* TASK PROMPT: As you print the data below, keep every line exactly as it is and leave the images behind.

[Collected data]
------------------------------
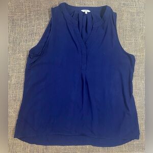 Crown & Ivy Navy Blue Tank Blouse, Size XL, V-neck, 100% Rayon, Pleated Back
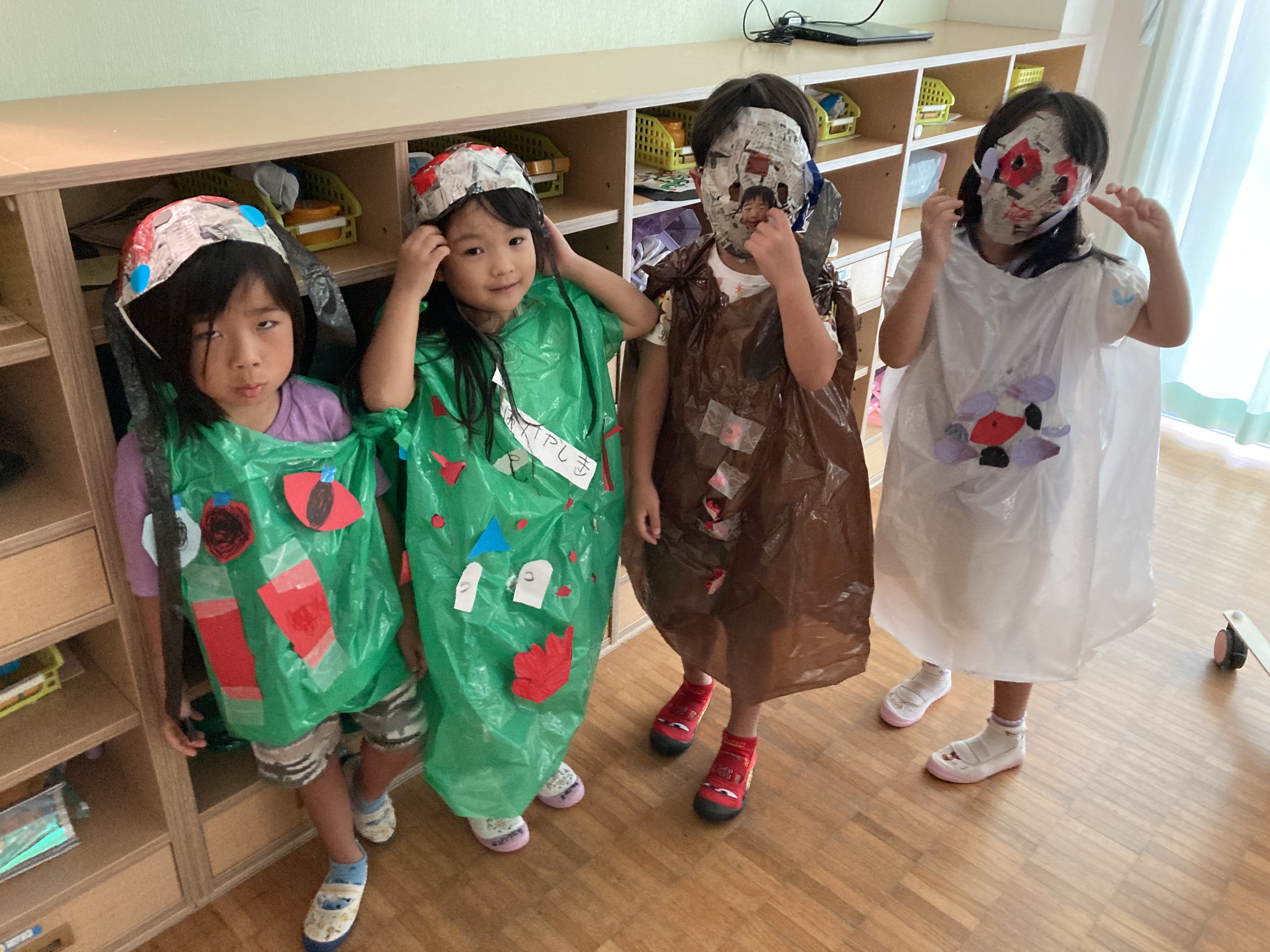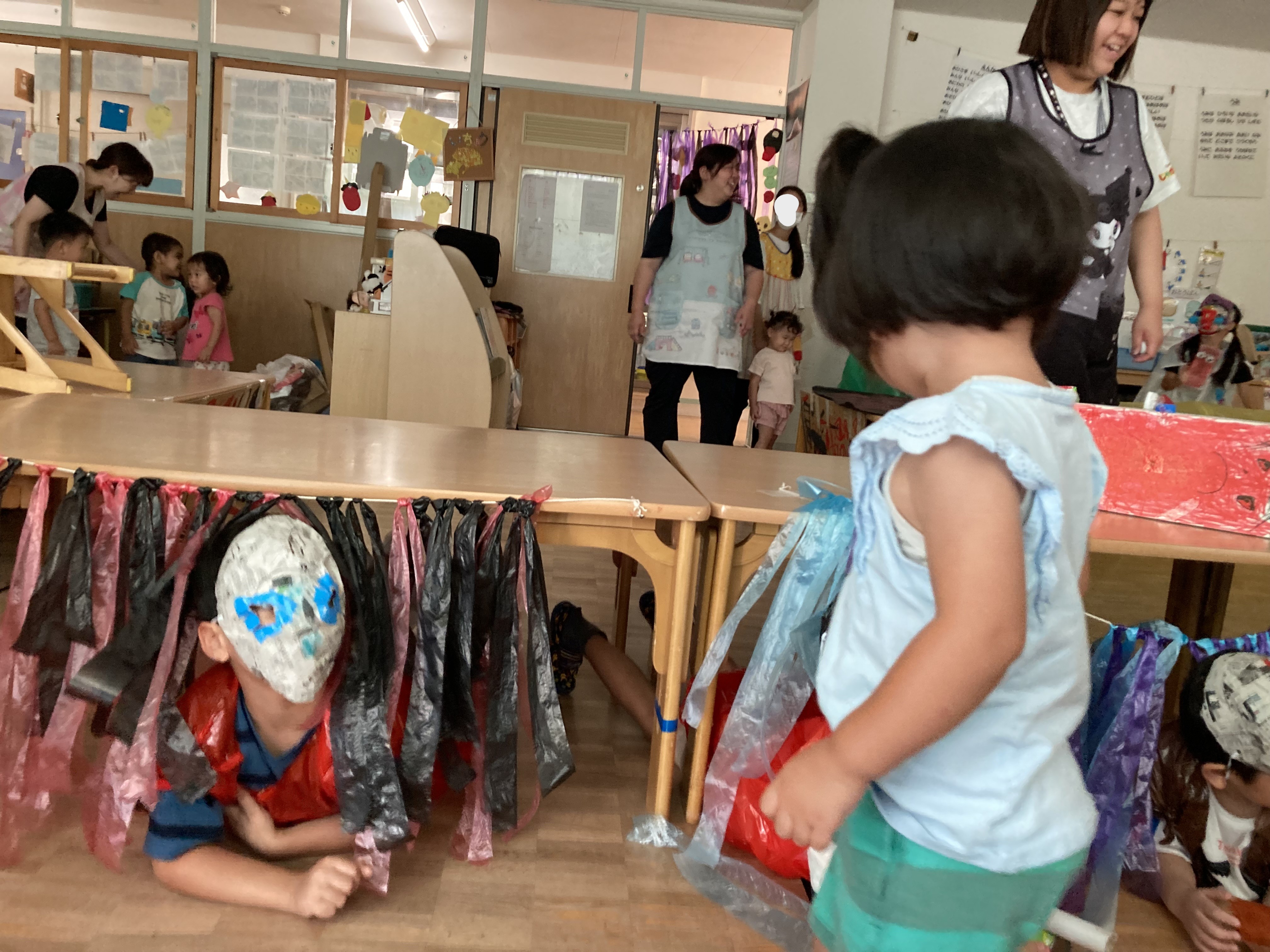 また、おばけ屋敷ではどんなおばけにしようか、どんなお部屋にしようかと皆で話し合い、廃材を使って製作。
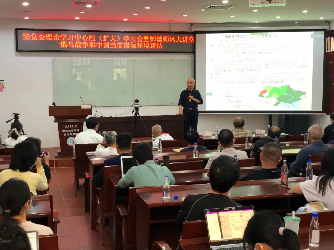 2022年4月15日下午,“俄乌战争和中国当前国际环境评估”讲座在厦门大学南安楼101、102与103室举行。主讲人为厦门大学特聘教授、国际关系学院/南洋研究院前院长、知名海外华人研究和东南亚研究专家庄国土教授。学院党委书记毛通文主持讲座,院党建联络员潘宝柱老师莅临指导,全体教师和党员学生参加讲座,来自华东师范大学、南京大学、南开大学、深圳市外办等海内外院校和单位的200余名师生线上参与了本次讲座。
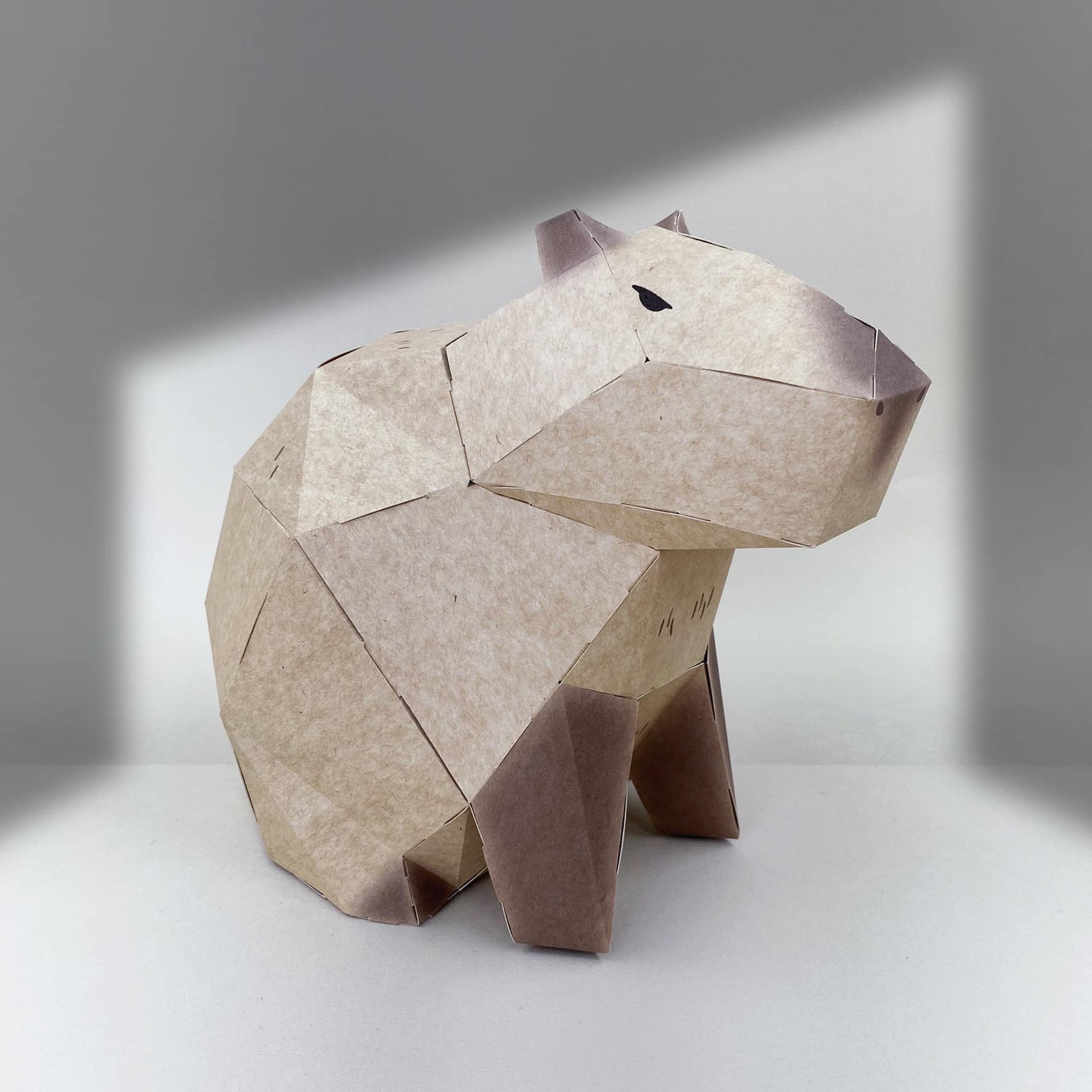 用客戶產品的吉祥物水豚設計產品造型包裝,整隻紙模型皆用”卡榫式“拼接,完全不用膠…
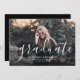 Comemore o formando com este convite personalizado de festa de formatura de fotos moderno, com a palavra "formando" em escrito branco, com a escola e o ano de graduação abaixo em letra branca sans serif. Perfeito para segundo grau ou formandos. O inverso apresenta o nome do formando e as informações da parte em texto branco em um plano de fundo preto.
------------------------------
* FINAL ANSWER:
 Crown & Ivy Navy Blue Tank Blouse, Size XL, V-neck, 100% Rayon, Pleated Back
 また、おばけ屋敷ではどんなおばけにしようか、どんなお部屋にしようかと皆で話し合い、廃材を使って製作。
 2022年4月15日下午,“俄乌战争和中国当前国际环境评估”讲座在厦门大学南安楼101、102与103室举行。主讲人为厦门大学特聘教授、国际关系学院/南洋研究院前院长、知名海外华人研究和东南亚研究专家庄国土教授。学院党委书记毛通文主持讲座,院党建联络员潘宝柱老师莅临指导,全体教师和党员学生参加讲座,来自华东师范大学、南京大学、南开大学、深圳市外办等海内外院校和单位的200余名师生线上参与了本次讲座。
 用客戶產品的吉祥物水豚設計產品造型包裝,整隻紙模型皆用”卡榫式“拼接,完全不用膠…
 Comemore o formando com este convite personalizado de festa de formatura de fotos moderno, com a palavra "formando" em escrito branco, com a escola e o ano de graduação abaixo em letra branca sans serif. Perfeito para segundo grau ou formandos. O inverso apresenta o nome do formando e as informações da parte em texto branco em um plano de fundo preto.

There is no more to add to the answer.